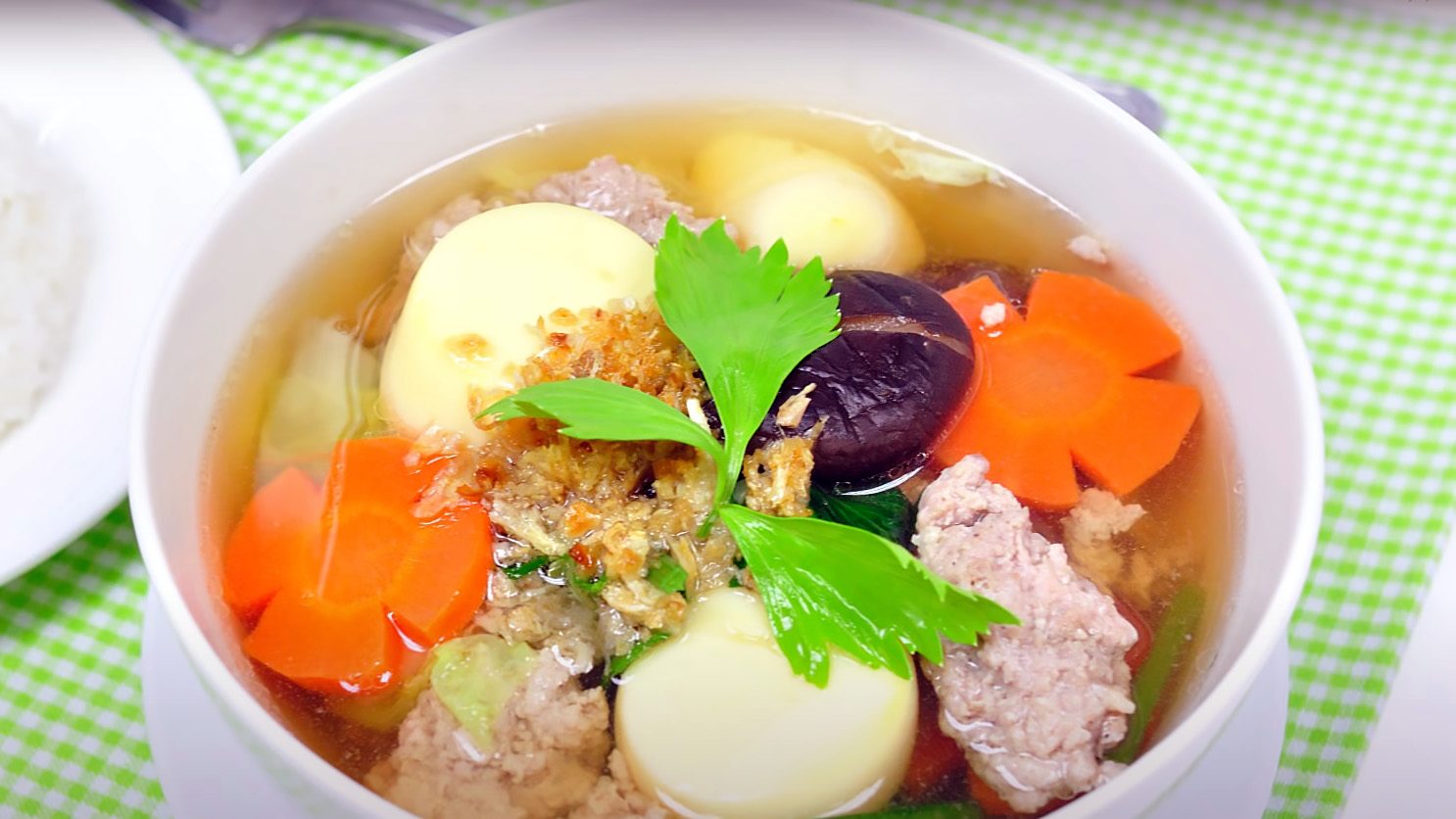 แกงจืด เพราะคนโบราณเชื่อว่า การทานน้ำแกงร้อนๆ รสชาติจืดๆ ทานแล้วลื่นคอ จะทำให้ชีวิตราบรื่น ไม่มีอุปสรรค และยิ่งเป็นแกงจืดเต้าหู้สาหร่าย ยิ่งเพิ่มความหมายดีๆไปอีกเท่า เพราะสาหร่ายมีความหมายในเรื่องของความร่ำรวย ส่วนเต้าหูมีความหมายในเรื่องความสุข
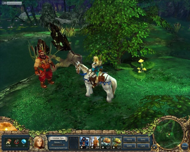 Comme dans la plupart des hack & slash, le développement du héros s'effectue à travers trois arbres de compétences (puissance, esprit, magie) qui influent grandement sur ses capacités. Naturellement, les objets d''inventaire revêtent également une certaine importance. Plus étonnant, ils se voient secondés par la possibilité de se marier et d'engendrer des enfants ! Avoir une femme apporte un bonus (qui dépend de la donzelle en question) et quatre cases d'inventaire supplémentaires... qui au final pourront être occupées par les descendants, également sources de bonus. Si l'envie vous en prend, vous pourrez même divorcer et abandonner tout ce beau monde, pour mieux recommencer avec une autre ! Mais attention, la femme délaissée emmène non seulement sa progéniture, mais également un cinquième de votre or... Les développeurs ne manquent manifestement pas d'humour ! D'ailleurs, ils assument sans sourciller tous les clichés de l'heroïc-fantasy, et les détournent même régulièrement au profit de situations qui font souvent mouche. Riches, nombreux et bien écrits, les dialogues ne manquent pas de piquant et permettent même parfois de résoudre certaines quêtes autrement que par le combat. On n'en attendait pas tant ! Hélas, ces dialogues se voient quelque peu malmenés par une traduction en dents de scie qui, si elle assume globalement plutôt bien le flot de textes, se prend régulièrement les pieds dans le tapis. Outre les "inévitables" fautes de frappes, d'orthographe ou de grammaire, on y trouve également quelques incohérences (un personnage appelé une fois Iron Richard , une fois Richard Dacier, la "boîte enragée" qui devient parfois la "boîte de rage"...). Et, tel un furoncle sur le nez d'une jolie princesse, le comble est atteint avec la traduction erronée de "turn" en "tourner". "Tourner 1", "Tourner 2" affiché en gros à chaque nouveau tour de jeu, ça la fout un peu mal...
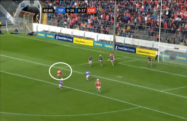 Cahalane has the simple task of picking out a team-mate inside, and Cork are on the move again:
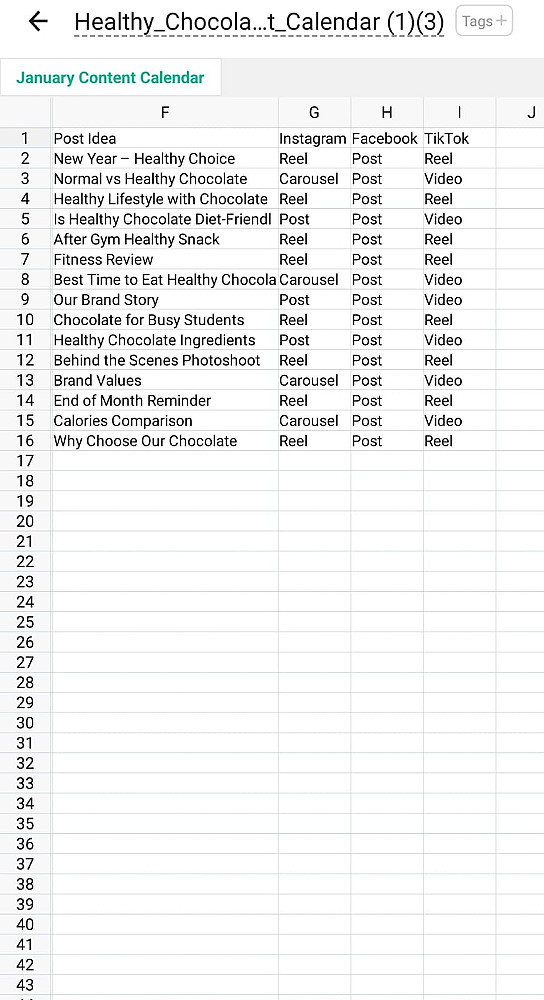ستحصل على ملف Excel منظم وسهل الاستخدام يساعدك تنشر باستمرار واحترافية
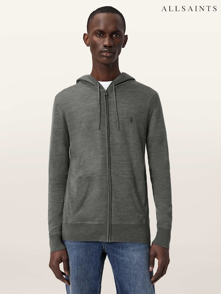 Allsaints Green Mode Merino Wool Zip-Up Hoodie
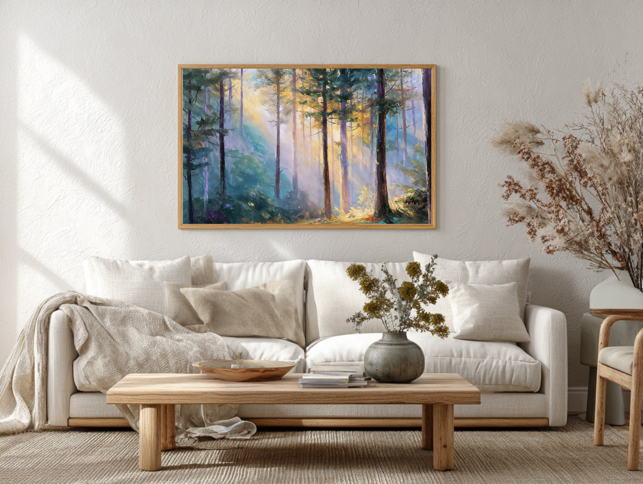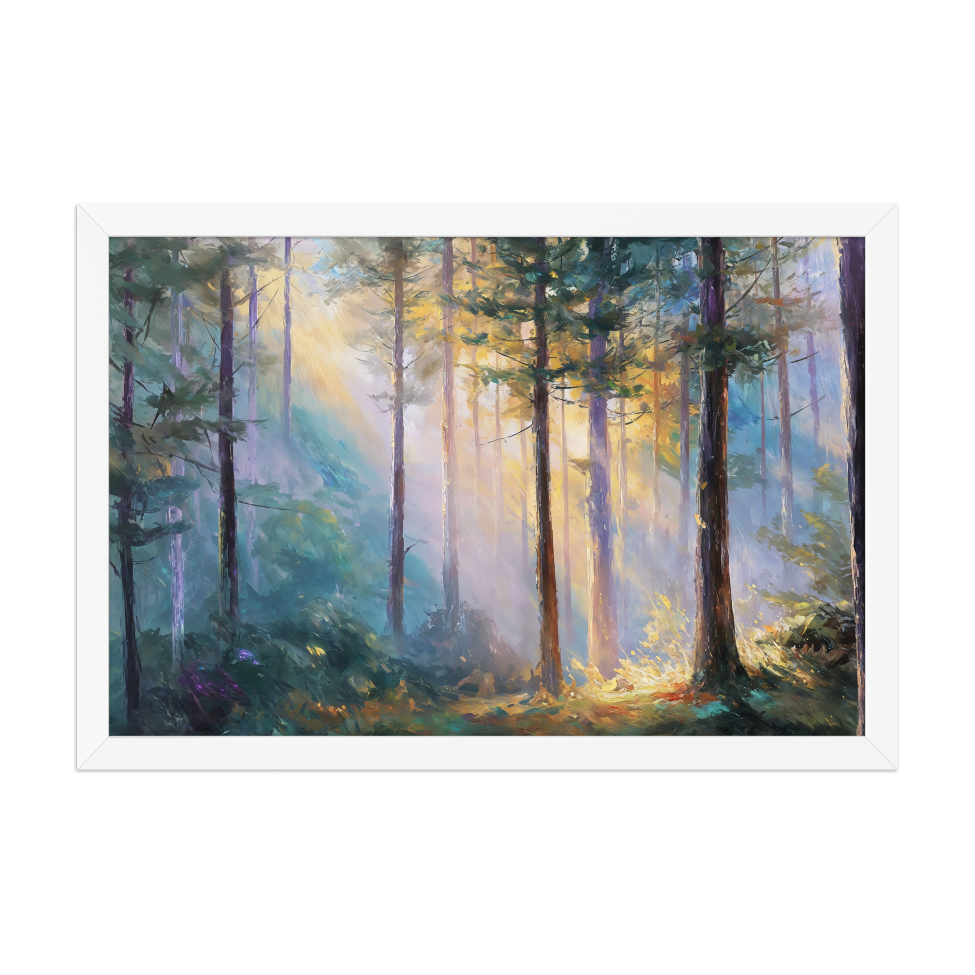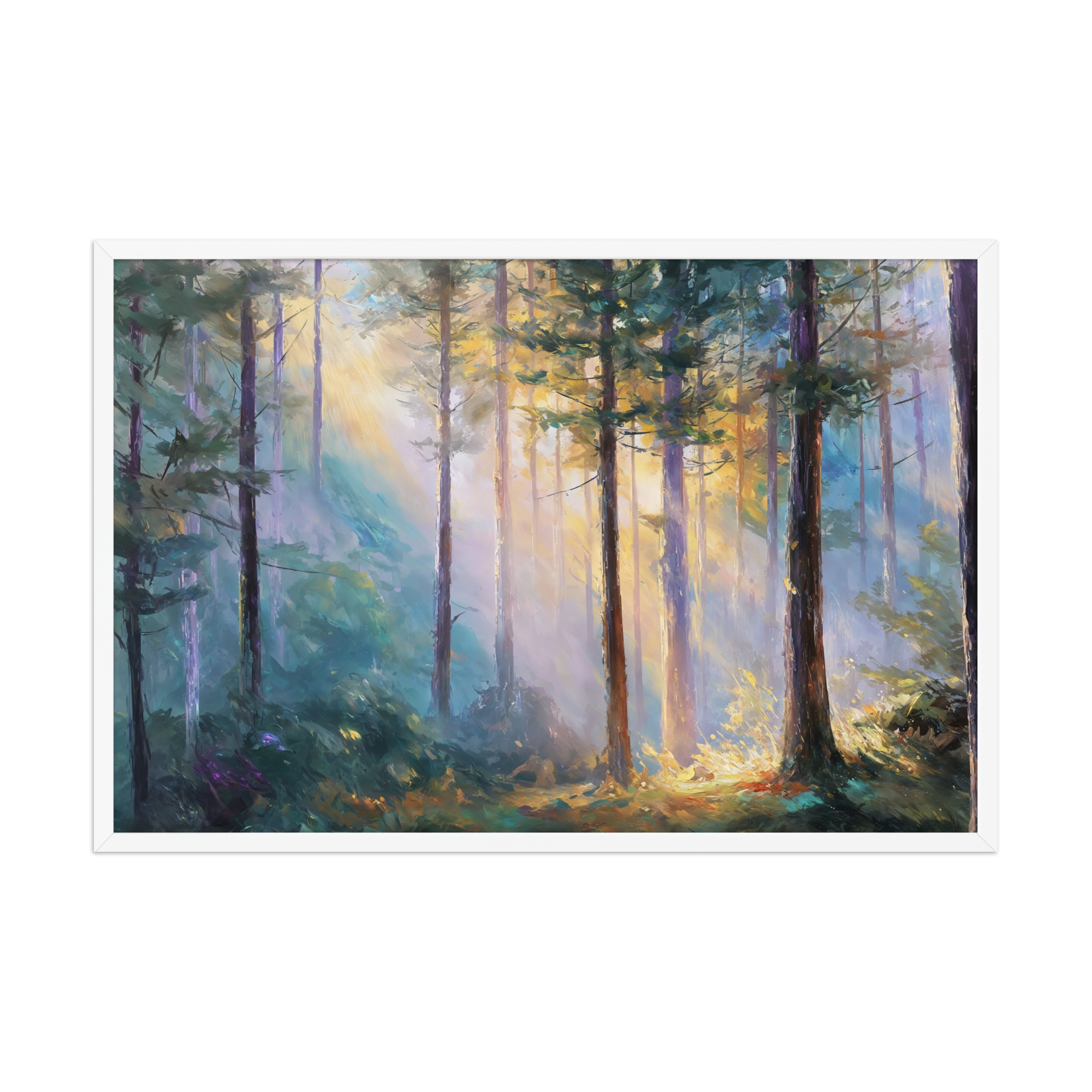 Bring the serenity of dawn into your home with this Morning Light in the Forest Framed Poster. Sunlight gently filters... Read more

==============================

◆ **WORK INSTRUCTION**
Everything from the line that contains "Cahalane has the" to the final line of the data is to be duplicated exactly, both ends included, except the pictures.

◆ **ANSWER SPACE**
 Cahalane has the simple task of picking out a team-mate inside, and Cork are on the move again:
ستحصل على ملف Excel منظم وسهل الاستخدام يساعدك تنشر باستمرار واحترافية
 Allsaints Green Mode Merino Wool Zip-Up Hoodie
 Bring the serenity of dawn into your home with this Morning Light in the Forest Framed Poster. Sunlight gently filters... Read more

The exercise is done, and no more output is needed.